# Thread: Help Needed !! Exponential Differentiation

1. ## Help Needed !! Exponential Differentiation

Hi,

Can anybody help me. How to differentiate this one step by step? Thanks a lot for your kindness.

F(t) = 0.001/(0.001t + 1)^2 dt

Hi,

Can anybody help me. How to differentiate this one step by step? Thanks a lot for your kindness.

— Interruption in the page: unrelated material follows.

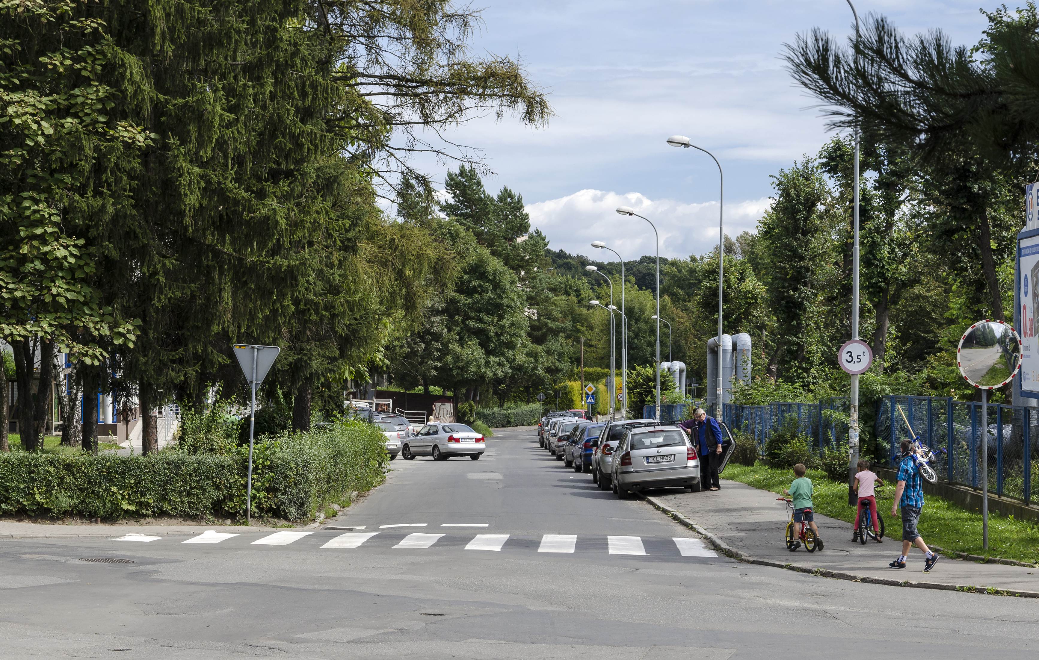 Kusocińskiego Street in Kłodzko

F(t) = 0.001/(0.001t + 1)^2 dt
Hard way:

Use the quotient rule: $\frac d{d(x)} \frac uv = \frac {u'v - uv'}{v^2}$

here, $u = 0.001$ and $v = (0.001t + 1)^2$

Easy way:

write as $F(t) = 0.001(0.001t + 1)^{-2}$ and use the chain rule

chain rule: $\frac d{dx} f(g(x)) = f'(g(x)) \cdot g'(x)$

thus we get, $F'(t) = -2(0.001)(0.001t + 1)^{-3} \cdot 0.001 = -0.000002(0.001t + 1)^{-3} = - \frac {0.000002}{(0.001t + 1)^3}$

3. ## 2 more questions

Here is my questions :

how to solve it step by step

1. e^((integrate 0 to t) 0.4 t dt)

2. [-d(0.001t +1)^-1 / dt] *[ 1/(0.001t +1)^-1]

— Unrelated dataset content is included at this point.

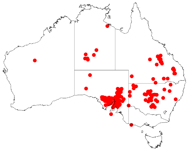 Scaevola humilis occurrence data downloaded from Australasian Virtual Herbarium 12 May 2019
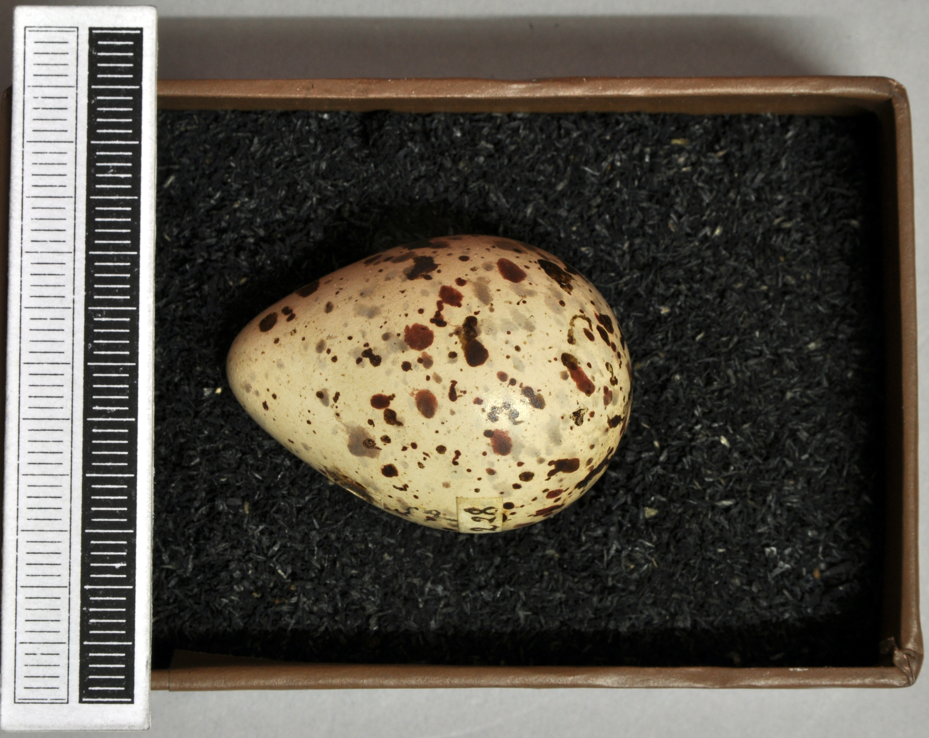 Wood sandpiper Tringa glareola , egg, Coll. Museum Wiesbaden

Can anybody help me? Thanks

Here is my questions :

how to solve it step by step

1. e^((integrate 0 to t) 0.4 t dt)
$e^{\int_0^t 0.4 t \ dt}=e^{0.4 \int_0^t x \ dx}=e^{0.4 \left[x^2/2\right]_0^t}$

$=e^{0.4*t^2/2}=e^{0.2 \ t^2}$

Or did you want to differentiate this ?

5. Originally Posted by Moo
$e^{\int_0^t 0.4 t \ dt}=e^{0.4 \int_0^t x \ dx}=e^{0.4 \left[x^2/2\right]_0^t}$

$=e^{0.4*t^2/2}=e^{0.2 \ t^2}$

Or did you want to differentiate this ?
i think that was the answer. Do you know how to solve my second question?